◆ Data under study
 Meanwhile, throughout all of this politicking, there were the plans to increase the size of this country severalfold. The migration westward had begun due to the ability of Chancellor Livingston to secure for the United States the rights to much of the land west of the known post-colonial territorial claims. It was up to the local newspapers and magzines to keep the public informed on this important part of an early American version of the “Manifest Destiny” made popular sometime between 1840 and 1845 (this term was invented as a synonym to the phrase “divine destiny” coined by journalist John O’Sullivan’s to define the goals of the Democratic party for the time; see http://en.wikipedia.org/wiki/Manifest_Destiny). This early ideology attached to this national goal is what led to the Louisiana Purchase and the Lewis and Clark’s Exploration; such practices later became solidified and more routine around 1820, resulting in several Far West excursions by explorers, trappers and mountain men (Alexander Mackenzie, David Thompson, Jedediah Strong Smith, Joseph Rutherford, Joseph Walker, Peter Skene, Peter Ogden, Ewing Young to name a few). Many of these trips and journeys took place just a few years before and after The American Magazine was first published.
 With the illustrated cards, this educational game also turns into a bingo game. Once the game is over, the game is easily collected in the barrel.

...

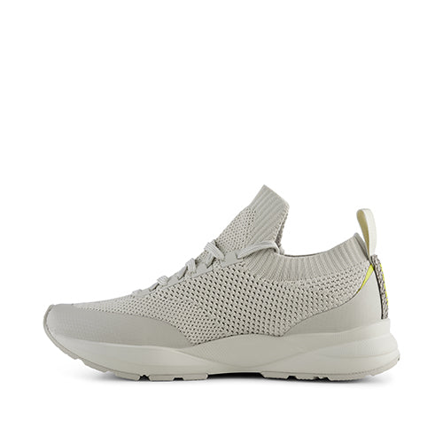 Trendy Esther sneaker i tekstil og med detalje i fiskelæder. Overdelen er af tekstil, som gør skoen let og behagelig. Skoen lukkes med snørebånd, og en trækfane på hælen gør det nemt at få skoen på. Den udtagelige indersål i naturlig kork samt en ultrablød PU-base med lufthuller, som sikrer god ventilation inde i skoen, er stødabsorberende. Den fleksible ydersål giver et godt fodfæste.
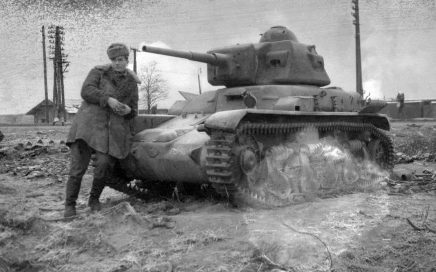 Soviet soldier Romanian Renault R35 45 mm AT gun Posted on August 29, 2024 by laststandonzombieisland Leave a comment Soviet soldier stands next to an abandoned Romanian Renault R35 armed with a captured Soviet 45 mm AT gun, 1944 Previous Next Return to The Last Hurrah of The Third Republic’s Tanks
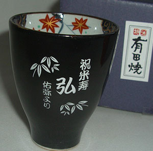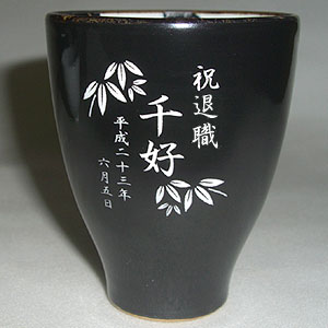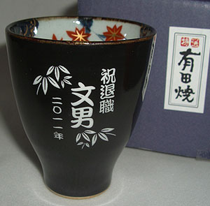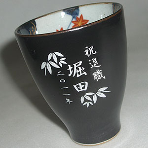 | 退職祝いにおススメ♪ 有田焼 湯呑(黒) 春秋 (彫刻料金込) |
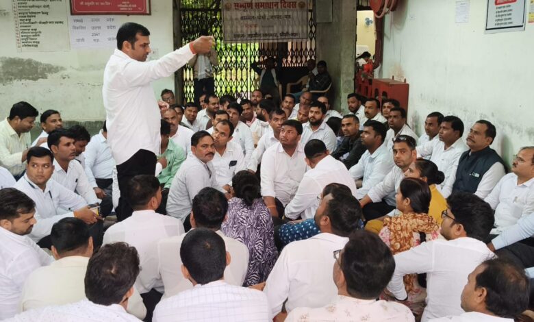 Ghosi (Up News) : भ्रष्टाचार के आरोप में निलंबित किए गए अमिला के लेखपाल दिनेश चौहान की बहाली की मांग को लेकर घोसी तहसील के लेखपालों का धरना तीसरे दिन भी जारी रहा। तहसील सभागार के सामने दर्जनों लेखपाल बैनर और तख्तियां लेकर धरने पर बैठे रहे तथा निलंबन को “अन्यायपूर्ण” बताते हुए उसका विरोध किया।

==

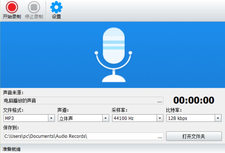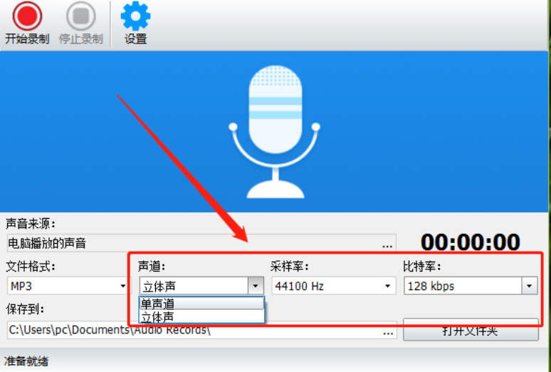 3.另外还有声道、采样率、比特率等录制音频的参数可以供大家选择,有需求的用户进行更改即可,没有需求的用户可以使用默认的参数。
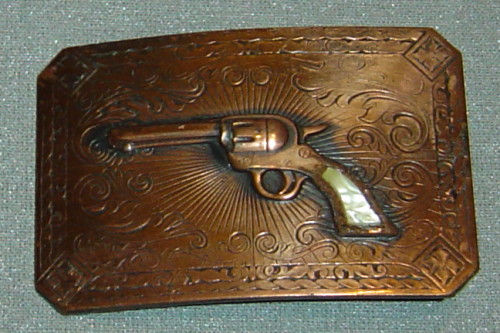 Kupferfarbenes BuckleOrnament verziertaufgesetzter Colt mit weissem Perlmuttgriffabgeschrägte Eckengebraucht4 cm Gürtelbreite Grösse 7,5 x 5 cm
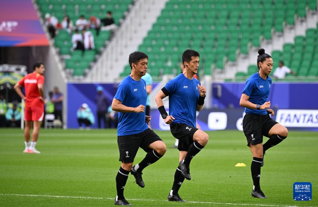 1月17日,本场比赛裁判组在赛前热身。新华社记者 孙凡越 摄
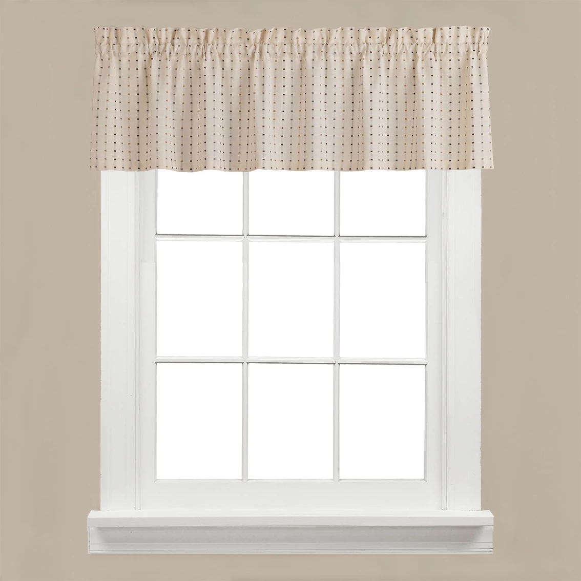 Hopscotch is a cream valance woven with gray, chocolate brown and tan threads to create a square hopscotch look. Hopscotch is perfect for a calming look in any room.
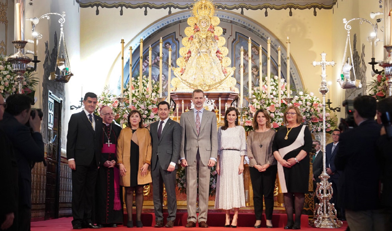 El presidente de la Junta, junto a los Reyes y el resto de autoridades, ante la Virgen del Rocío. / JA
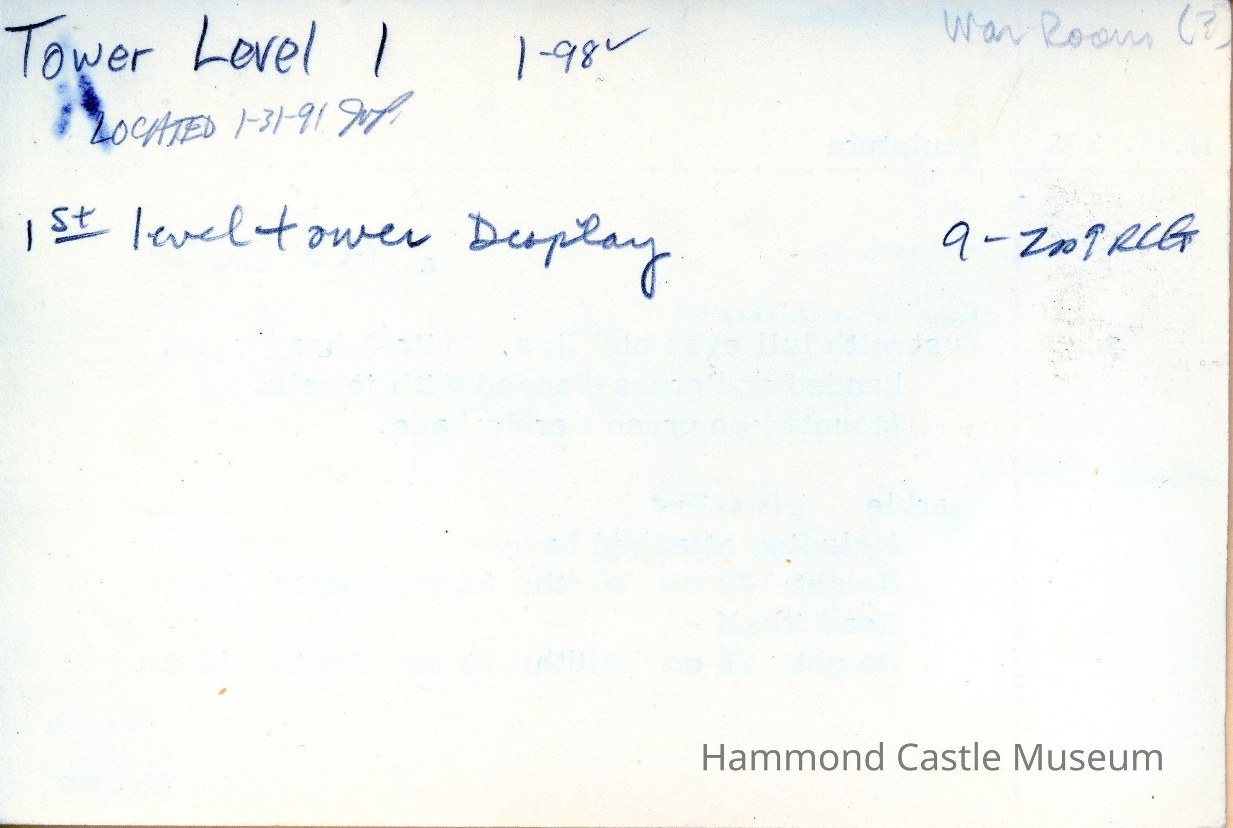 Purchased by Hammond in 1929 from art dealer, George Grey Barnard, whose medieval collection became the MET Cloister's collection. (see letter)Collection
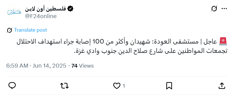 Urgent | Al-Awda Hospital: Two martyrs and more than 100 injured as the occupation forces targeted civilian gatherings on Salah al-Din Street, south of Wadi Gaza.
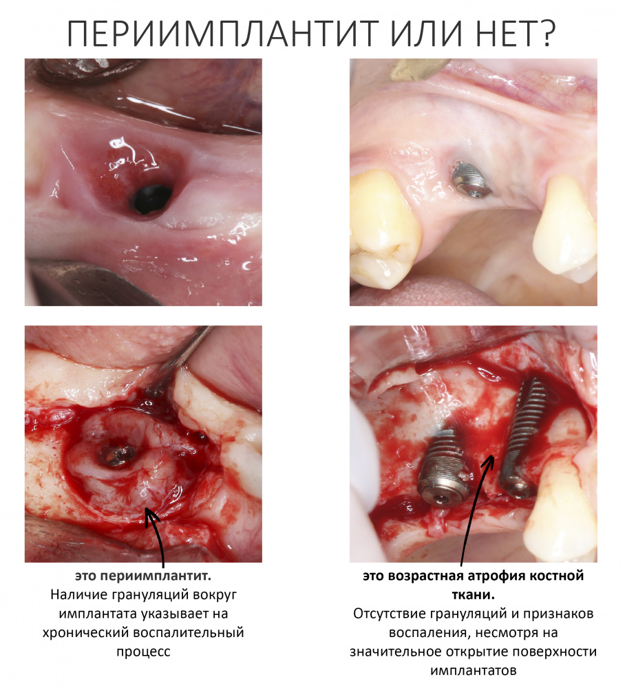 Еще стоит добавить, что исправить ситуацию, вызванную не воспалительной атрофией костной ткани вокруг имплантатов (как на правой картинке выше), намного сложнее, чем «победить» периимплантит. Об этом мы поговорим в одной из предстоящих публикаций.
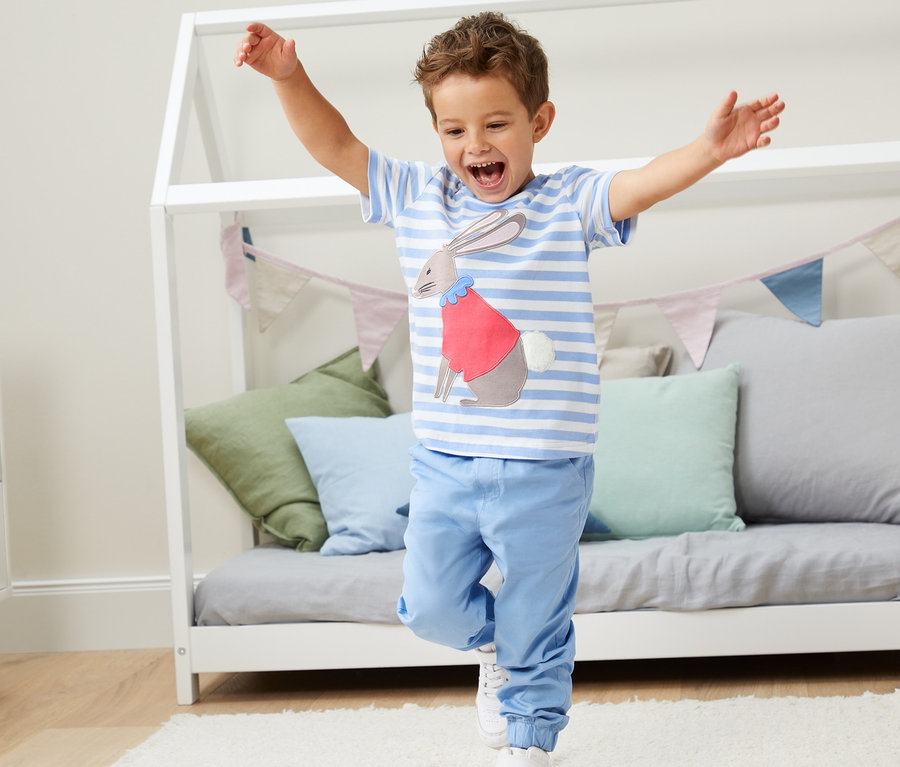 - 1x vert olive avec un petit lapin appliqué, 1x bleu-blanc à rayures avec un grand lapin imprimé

◆ Aim of the task
Output exactly the lines above, beginning at the one with "El presidente de" and stopping after the one with "Purchased by Hammond". Pictures are to be omitted.

◆ Solution to the problem
 El presidente de la Junta, junto a los Reyes y el resto de autoridades, ante la Virgen del Rocío. / JA
 Purchased by Hammond in 1929 from art dealer, George Grey Barnard, whose medieval collection became the MET Cloister's collection. (see letter)Collection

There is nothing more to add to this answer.